Question

A cottage industry produces a certain number of pottery articles in a day. It was observed on a particular day that cost of production of each articles (in rupees) was 3 more than twice the number of articles produced on that day.
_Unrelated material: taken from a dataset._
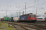 DB Lok 185 114-6 durchfährt den badischen Bahnhof.
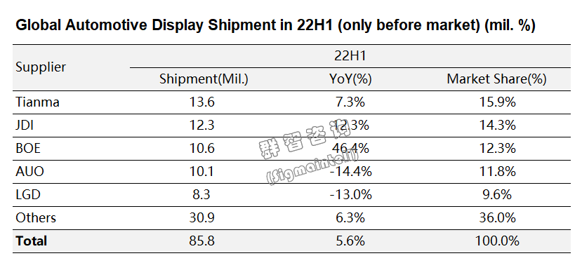 By readjusting the new "2+1+N" strategy, Tianma has positioned the automotive business as one of the company's two core businesses: strengthening the automotive business while continuously increasing investment in the automotive field and strengthening cooperation with OEMs. Tianma is accelerating the layout of the EV track. Although shipments in Q2 were significantly affected by the epidemic lockdown in Shanghai and declined month-on-monthquarter-on-quarter. With the strong market demand and its good customer base, Tianma's automotive display shipments in 22H1 will be about 13.6 mil., an increase of about 7.3% YoY, and continue to rank first in the before-market with a market share of 15.9%.

If, the total cost of production on that day was Rs. 90, Find the number of articles produced and the cost of each articles.​

Answer 1

$\huge\underline\mathbb {SOLUTION:-}$

$\mathsf {Let\:cost\:of\:articles\:be\:Rs\:x.}$

We are given total cost of production on that particular day = Rs 90.

$\therefore \mathsf {Total\:number\:of\:articles\:produced\:that\:day\: = \frac{90}{x} }$

$\underline\mathsf \red {According\:to\:given\:conditions,}$

$\mathsf {x = 2\bigg(\frac{90}{x}\bigg) + 3}$

$\implies \mathsf {x = \frac{180}{x}+ 3}$

$\implies \mathsf {x = \frac{180 + 3x}{x} }$

$\implies \mathsf {x^2 = 180 + 3x}$

$\implies \mathsf {x^2 - 3x - 180 = 0}$

$\implies \mathsf {x^2 - 15x + 12x - 180 - 0}$

$\implies \mathsf {x (x - 15) + 12(x - 15) = 0}$

$\implies \mathsf {(x - 15)\:(x + 12) = 0}$

$\implies \mathsf {x = 15,\: -12}$

$\mathsf {Cost\:cannot\:be\:in\:negative,}$

$\therefore \mathsf {We\:discard\: x = 12}$

$\therefore \mathsf {x = Rs\:15\:which\:is\:the\:cost\:of\:production\:of\:each\:article.}$

$\mathsf {Number\:of\:articles\:produced\:on\:that\:particular\:day,}$

$\implies \mathsf \blue {\frac{90}{15} = 16}$

Answer 2

Let us assume, number of pottery in a day = x

So, cost of production of each article = 2x + 3

according to question:-

$\: x(2x + 3) = 90$

$2x {}^{2} + 3x = 90$

$2x {}^{2} + 3x - 90 = 0$

$2x {}^{2} - 12x + 15x - 90 = 0$

$2x(x - 6) + 15(x - 6) = 0$

$\: (2x + 15)(x - 6) = 0$

$\: Hence, \red{x = - 15/2 \: and \: x = 6}$

• Now, number of articles produced = 6

Cost of each article = 2 × 6 + 3 = Rs 15.